** SOURCE RECORDS follows **

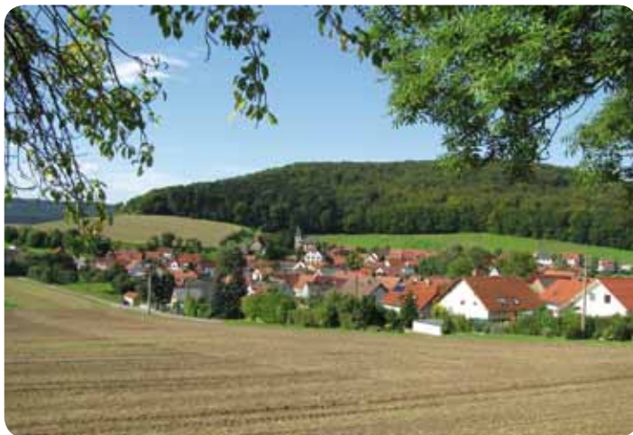
Blick auf Nauendorf

Die wirtschaftliche Struktur unserer kleinen Gemeinde wird durch ein erfolgreiches mittelständiges Unternehmen und zwei Handwerksbetriebe geprägt. Nicht zuletzt gehört die 1920 erbaute Stiefelburg zur Gemarkung Nauendorf. Von der Straße nach Kranichfeld gut erkennbar, grüßt sie weit ins Land hinein. Die Stiefelburg ist mit ihrem schönen Fachwerk und ihrer romantischen Lage ein wahres Kleinod. Für Freunde romantischen „Hotelwohnens“, aber auch für gutes Essen und gute Bewirtung ist dieses Haus der richtige Anlaufpunkt. Die gastronomische Einrichtung im Zentrum des Dorfes ist von der Gemeinde Nauendorf mit großem finanziellem Aufwand in den letzten Jahren mehrfach umgebaut bzw. saniert worden.
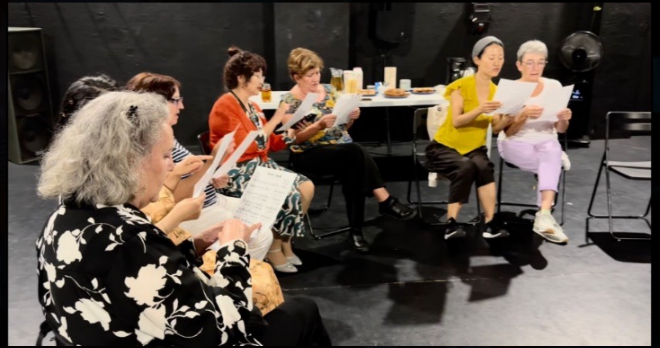
Fotos de la actividad de mediación con abuelas de la comunidad china en Madrid y abuelas españolas.
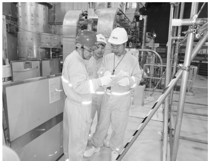
时间:2018年6月21日 21:30 地点:山东海阳核电厂1号机组反应堆厂房首次装料现场

监督二处党支部坚持以党建促业务,争创核安全监管示范“窗口”,总结形成“五步工作法”,提升监督出实效。以AP1000机组监督为例,自开工以来,监督二处共组织100多次监督检查,调试试验监督选点676个,提出了近1000项监督要求,有多人一年出差天数超过220多天。纵观核电厂监督,无论是检查次数还是监督要求数量,无论是监督人力投入还是监督见证点数量,均在国内核电厂的监督实践中创下多个第一。
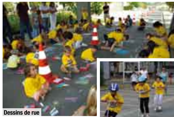
Dessins de rue
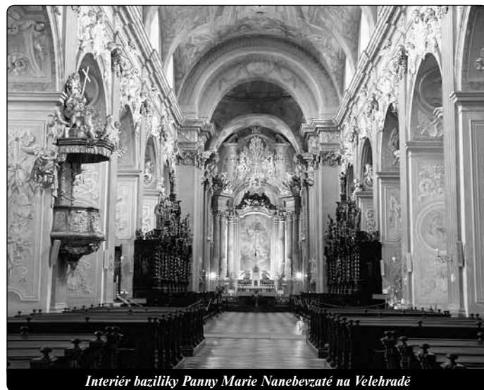
Interiér baziliky Panny Marie Nanebevzaté na Velehradě

V r. 1985 poslal Velehradu Zlatou růži. K 1100. výročí smrti sv. Metoděje ji přivezl dne 7. 7. 1985 na Velehrad delegát Svatého otce kardinál Agostino Casaroli. (Zlatou růži dostaly zatím mariánské svatyně: Guadalupe v Mexiku, Lurdy ve Francii, Čenstochová v Polsku a naše bazilika velehradská.)
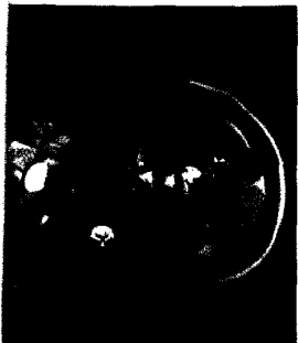
MRCP mit ca. 1,8 cm messender Raumforderung ventral des Pankreas (s. dieses Heft S. 1798).
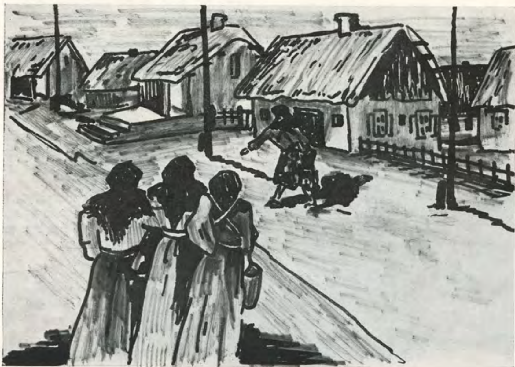
ביים סוף סוף שטעטל
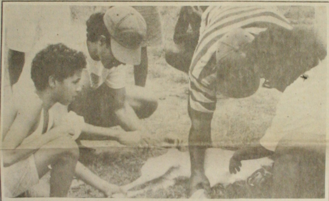
Ontem, centenas de cães foram vacinados em vários pontos da cidade. (Página 4A)
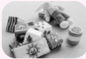
▲遊び場には、人形なども用意してあります。
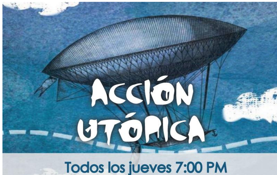
Cartel del programa Acción Utópica

“¿La utopía es un sueño? No. La utopía es posible. Porque creemos que la realidad se puede transformar, te invitamos a escuchar Acción Utópica. Todos los jueves de 6 a 7. Motivados por el sueño de construir una ciudad diferente. Radio Chinelo. Todas las Voces” (Rúbrica del programa Acción Utópica).
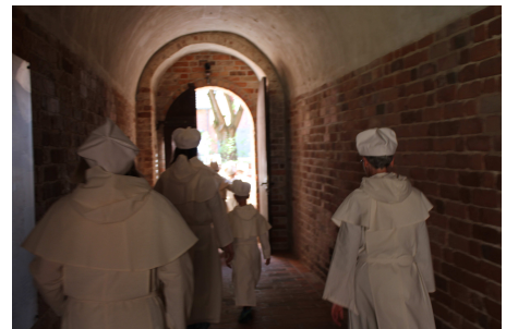
Kinder- und Familienführung
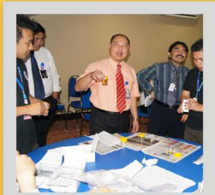
Aksi wargakerja yang menjalani ujian air kencing di PPPYS. Ujian air kencing telah dijalankan oleh Agensi Dadah Kebangsaan bagi meningkatkan kesedaran tentang bahayanya najis dadah.
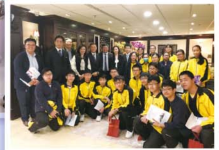
S.4 Legal Firm Visit
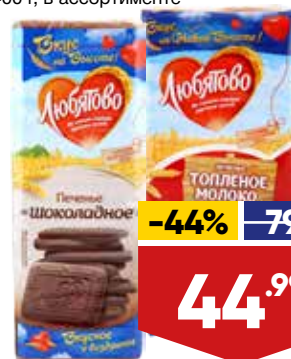
ПЕЧЕНЬЕ ЛЮБЯТОВО, 200-400 г, в ассортименте
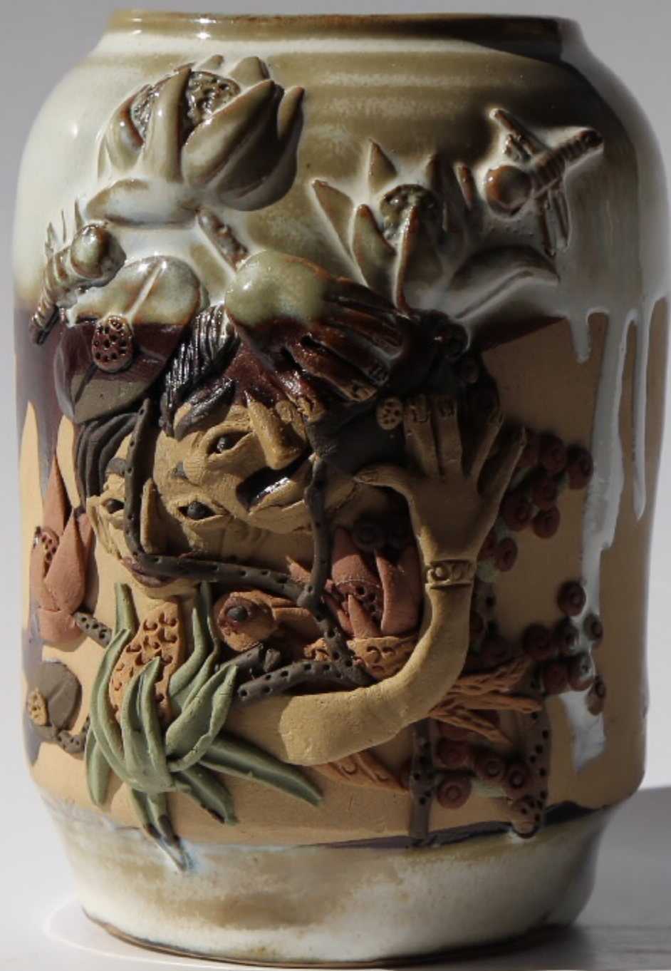
高克勤的罐(2) 尺寸: 8cm x 8cm x 12cm 作者: 高克勤
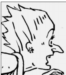
Adèle, vieille dame craintive, le genre à regarder s'il n'y a pas un cambrioleur sous son lit.
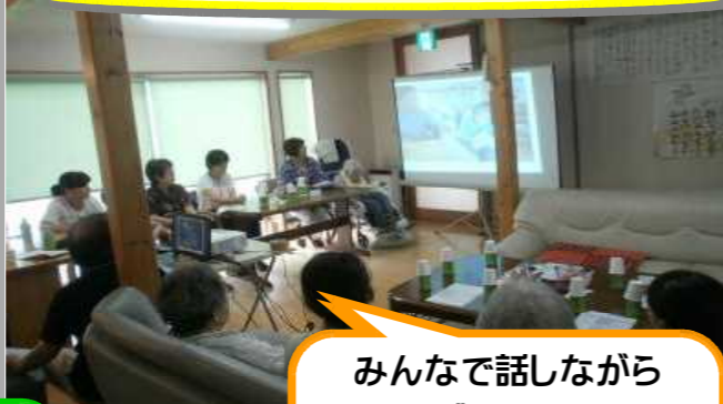
みんなで話しながら スライドを見ています

運動会に参加したり、一泊旅行に行ったり、着物を着たり、ブラックコーヒーを飲んだり花見に行ったり、ウナギを食べたり・・・ご家族のみなさまのご協力に、感謝申し上げます。
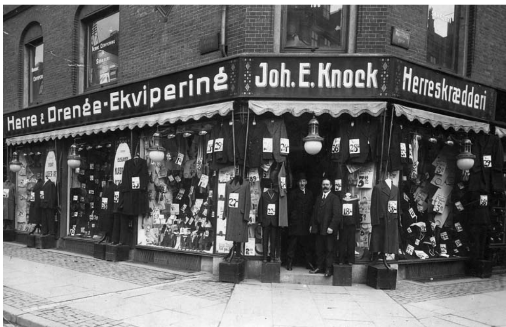
Hjørnet af Nørrebrogade og Ægirsgade, 1915. Johannes E. Knock's Herre- og Drengs-Ekvipering kunne blandt andet tilbyde et sæt matrostøj til 18 kr., en herrefrakke kostede 38 kr., et halstørklæde kunne fås for 1,32 kr. og en herreskjorte kostede 3,89 kr.
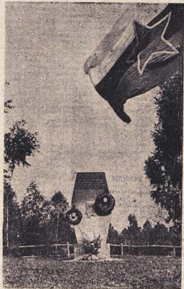
Povsod po domovini nam govore spomeniki, spominska obeležja, kamni, plošče, grobnice in napisi o nepozabnih dogodkih iz let naše revolucije.

V drugi del izobraževalnega programa sodijo specialni tečajji in seminarji za funkcionalno izobrazbo strokovnega kadra v proizvodnji in upravi, posebno pa za dopolnilno znanje srednjemu vodilnemu kadru. S tega področja smo na osnovi analiz v podjetjih pripravili cikel predavanj v obliki eno ali dvodnevni seminarjev, na katerih bodo udeleženci obravnavali aktualna vprašanja organizacije in produktivnosti dela. Ciklus bo izveden v novembru in je namenjen predelavcem, mojstrom, obratovodjem in tehnikom. Obdelali bodo naslednja poglavja: organizacija lastnega dela, faktorji
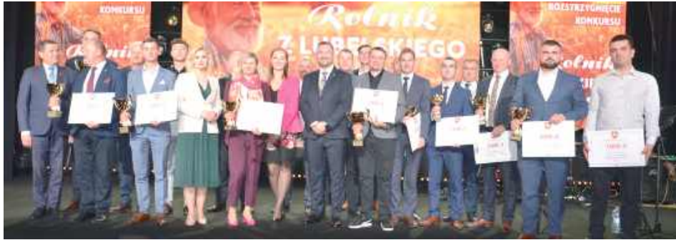
Nasi rolnicy odnieśli sukces w dwóch kategoriach

Nagrody są przyznawane w czterech kategoriach - produkcja zwierzęca, produkcja roślinna, ogrodnictwo i sadownictwo oraz producent - przetwórca. Oceniane są przede wszystkim efektywność gospodarowania,
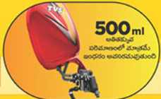
ఎక్స్ట్రా డ్రై పంప్
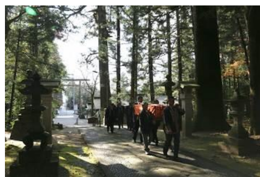
にのみやあかぎじんじゃ ごじんこう 二宮赤城神社の御神幸
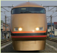
100系 日光詣スペーシア
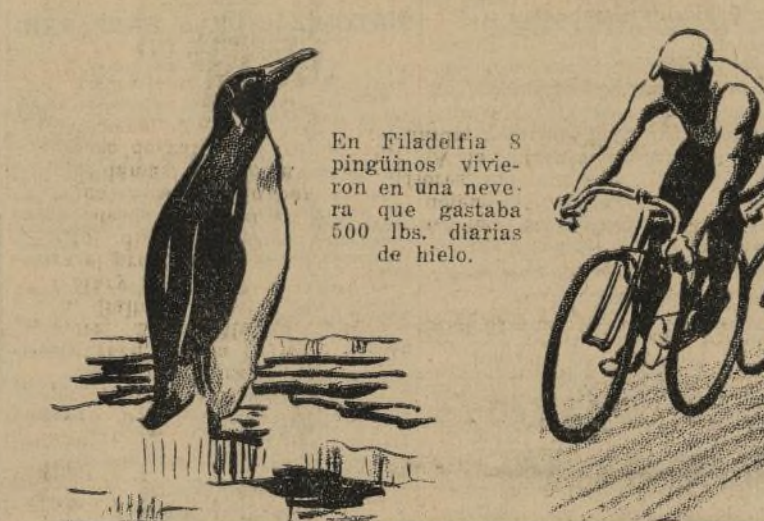
En Filadelfia 8 pingüinos vivieron en una nevera 500 lbs. diarias de hielo.
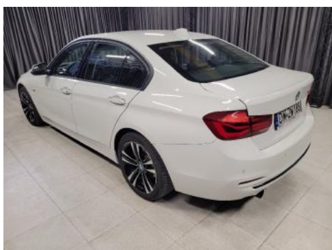
Fot. 5 Lewy bok tył
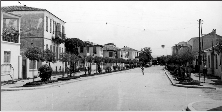
Η οδός Μεγ. Αλεξάνδρου από το Α΄ Δημοτικό.

νίκης. Τα περίφημα ευρήματα του Δερβενίου, της Ασσήρου, του Λέοντα της Μυγδονίας που βρέθηκε στον Ευαγγελισμό στις 25-10-1978, τα τελευταίως ανευρεθέντα στην περιοχή μεταξύ Γερακαρούς και Βασιλουδίου, που φυλάσσονται για συντήρηση στο μουσείο της Αθήνας, περικεφαλαίες και προσωπεία ολόχρυσα, καθώς και χρυσά σπαθιά, μαρτυρούν μια περιοχή πλούσια σε πολιτισμό και ιστορία. Οι μακεδονικοί τάφοι των Λαγυνών, οι τούμπες Περιβολακίου και Καβαλαρίου, τα βυζαντινά κτίσματα της Απολλωνίας και του πύργου του Αγ. Βασιλείου στην παραλίμνια περιοχή της Κορώνειας, το μακεδονικό νεκροταφείο έξω από τη Γερακαρού που βρέθηκαν όπλα και περικεφαλαίες καταπληκτικής τέχνης, αποτελούν ισχυρά τεκμήρια της ιστορικής πορείας του λαού και περιμένουν την ανάδειξή τους από τους αρμόδιους δημοτικούς φορείς. Στη βυζαντινή και μεταβυζαντινή περίοδο αυτή η πολιτισμική πορεία συμπληρώνεται με τα μνημεία βυζαντι-

** End of SOURCE RECORDS **

What the records say must be written out exactly, with none of their pictures.

Blick auf Nauendorf

Die wirtschaftliche Struktur unserer kleinen Gemeinde wird durch ein erfolgreiches mittelständiges Unternehmen und zwei Handwerksbetriebe geprägt. Nicht zuletzt gehört die 1920 erbaute Stiefelburg zur Gemarkung Nauendorf. Von der Straße nach Kranichfeld gut erkennbar, grüßt sie weit ins Land hinein. Die Stiefelburg ist mit ihrem schönen Fachwerk und ihrer romantischen Lage ein wahres Kleinod. Für Freunde romantischen „Hotelwohnens“, aber auch für gutes Essen und gute Bewirtung ist dieses Haus der richtige Anlaufpunkt. Die gastronomische Einrichtung im Zentrum des Dorfes ist von der Gemeinde Nauendorf mit großem finanziellem Aufwand in den letzten Jahren mehrfach umgebaut bzw. saniert worden.
Fotos de la actividad de mediación con abuelas de la comunidad china en Madrid y abuelas españolas.
时间:2018年6月21日 21:30 地点:山东海阳核电厂1号机组反应堆厂房首次装料现场

监督二处党支部坚持以党建促业务,争创核安全监管示范“窗口”,总结形成“五步工作法”,提升监督出实效。以AP1000机组监督为例,自开工以来,监督二处共组织100多次监督检查,调试试验监督选点676个,提出了近1000项监督要求,有多人一年出差天数超过220多天。纵观核电厂监督,无论是检查次数还是监督要求数量,无论是监督人力投入还是监督见证点数量,均在国内核电厂的监督实践中创下多个第一。
Dessins de rue
Interiér baziliky Panny Marie Nanebevzaté na Velehradě

V r. 1985 poslal Velehradu Zlatou růži. K 1100. výročí smrti sv. Metoděje ji přivezl dne 7. 7. 1985 na Velehrad delegát Svatého otce kardinál Agostino Casaroli. (Zlatou růži dostaly zatím mariánské svatyně: Guadalupe v Mexiku, Lurdy ve Francii, Čenstochová v Polsku a naše bazilika velehradská.)
MRCP mit ca. 1,8 cm messender Raumforderung ventral des Pankreas (s. dieses Heft S. 1798).
ביים סוף סוף שטעטל
Ontem, centenas de cães foram vacinados em vários pontos da cidade. (Página 4A)
▲遊び場には、人形なども用意してあります。
Cartel del programa Acción Utópica

“¿La utopía es un sueño? No. La utopía es posible. Porque creemos que la realidad se puede transformar, te invitamos a escuchar Acción Utópica. Todos los jueves de 6 a 7. Motivados por el sueño de construir una ciudad diferente. Radio Chinelo. Todas las Voces” (Rúbrica del programa Acción Utópica).
Kinder- und Familienführung
Aksi wargakerja yang menjalani ujian air kencing di PPPYS. Ujian air kencing telah dijalankan oleh Agensi Dadah Kebangsaan bagi meningkatkan kesedaran tentang bahayanya najis dadah.
S.4 Legal Firm Visit
ПЕЧЕНЬЕ ЛЮБЯТОВО, 200-400 г, в ассортименте
高克勤的罐(2) 尺寸: 8cm x 8cm x 12cm 作者: 高克勤
Adèle, vieille dame craintive, le genre à regarder s'il n'y a pas un cambrioleur sous son lit.
みんなで話しながら スライドを見ています

運動会に参加したり、一泊旅行に行ったり、着物を着たり、ブラックコーヒーを飲んだり花見に行ったり、ウナギを食べたり・・・ご家族のみなさまのご協力に、感謝申し上げます。
Hjørnet af Nørrebrogade og Ægirsgade, 1915. Johannes E. Knock's Herre- og Drengs-Ekvipering kunne blandt andet tilbyde et sæt matrostøj til 18 kr., en herrefrakke kostede 38 kr., et halstørklæde kunne fås for 1,32 kr. og en herreskjorte kostede 3,89 kr.
Povsod po domovini nam govore spomeniki, spominska obeležja, kamni, plošče, grobnice in napisi o nepozabnih dogodkih iz let naše revolucije.

V drugi del izobraževalnega programa sodijo specialni tečajji in seminarji za funkcionalno izobrazbo strokovnega kadra v proizvodnji in upravi, posebno pa za dopolnilno znanje srednjemu vodilnemu kadru. S tega področja smo na osnovi analiz v podjetjih pripravili cikel predavanj v obliki eno ali dvodnevni seminarjev, na katerih bodo udeleženci obravnavali aktualna vprašanja organizacije in produktivnosti dela. Ciklus bo izveden v novembru in je namenjen predelavcem, mojstrom, obratovodjem in tehnikom. Obdelali bodo naslednja poglavja: organizacija lastnega dela, faktorji
Nasi rolnicy odnieśli sukces w dwóch kategoriach

Nagrody są przyznawane w czterech kategoriach - produkcja zwierzęca, produkcja roślinna, ogrodnictwo i sadownictwo oraz producent - przetwórca. Oceniane są przede wszystkim efektywność gospodarowania,
ఎక్స్ట్రా డ్రై పంప్
にのみやあかぎじんじゃ ごじんこう 二宮赤城神社の御神幸
100系 日光詣スペーシア
En Filadelfia 8 pingüinos vivieron en una nevera 500 lbs. diarias de hielo.
Fot. 5 Lewy bok tył
Η οδός Μεγ. Αλεξάνδρου από το Α΄ Δημοτικό.

νίκης. Τα περίφημα ευρήματα του Δερβενίου, της Ασσήρου, του Λέοντα της Μυγδονίας που βρέθηκε στον Ευαγγελισμό στις 25-10-1978, τα τελευταίως ανευρεθέντα στην περιοχή μεταξύ Γερακαρούς και Βασιλουδίου, που φυλάσσονται για συντήρηση στο μουσείο της Αθήνας, περικεφαλαίες και προσωπεία ολόχρυσα, καθώς και χρυσά σπαθιά, μαρτυρούν μια περιοχή πλούσια σε πολιτισμό και ιστορία. Οι μακεδονικοί τάφοι των Λαγυνών, οι τούμπες Περιβολακίου και Καβαλαρίου, τα βυζαντινά κτίσματα της Απολλωνίας και του πύργου του Αγ. Βασιλείου στην παραλίμνια περιοχή της Κορώνειας, το μακεδονικό νεκροταφείο έξω από τη Γερακαρού που βρέθηκαν όπλα και περικεφαλαίες καταπληκτικής τέχνης, αποτελούν ισχυρά τεκμήρια της ιστορικής πορείας του λαού και περιμένουν την ανάδειξή τους από τους αρμόδιους δημοτικούς φορείς. Στη βυζαντινή και μεταβυζαντινή περίοδο αυτή η πολιτισμική πορεία συμπληρώνεται με τα μνημεία βυζαντι-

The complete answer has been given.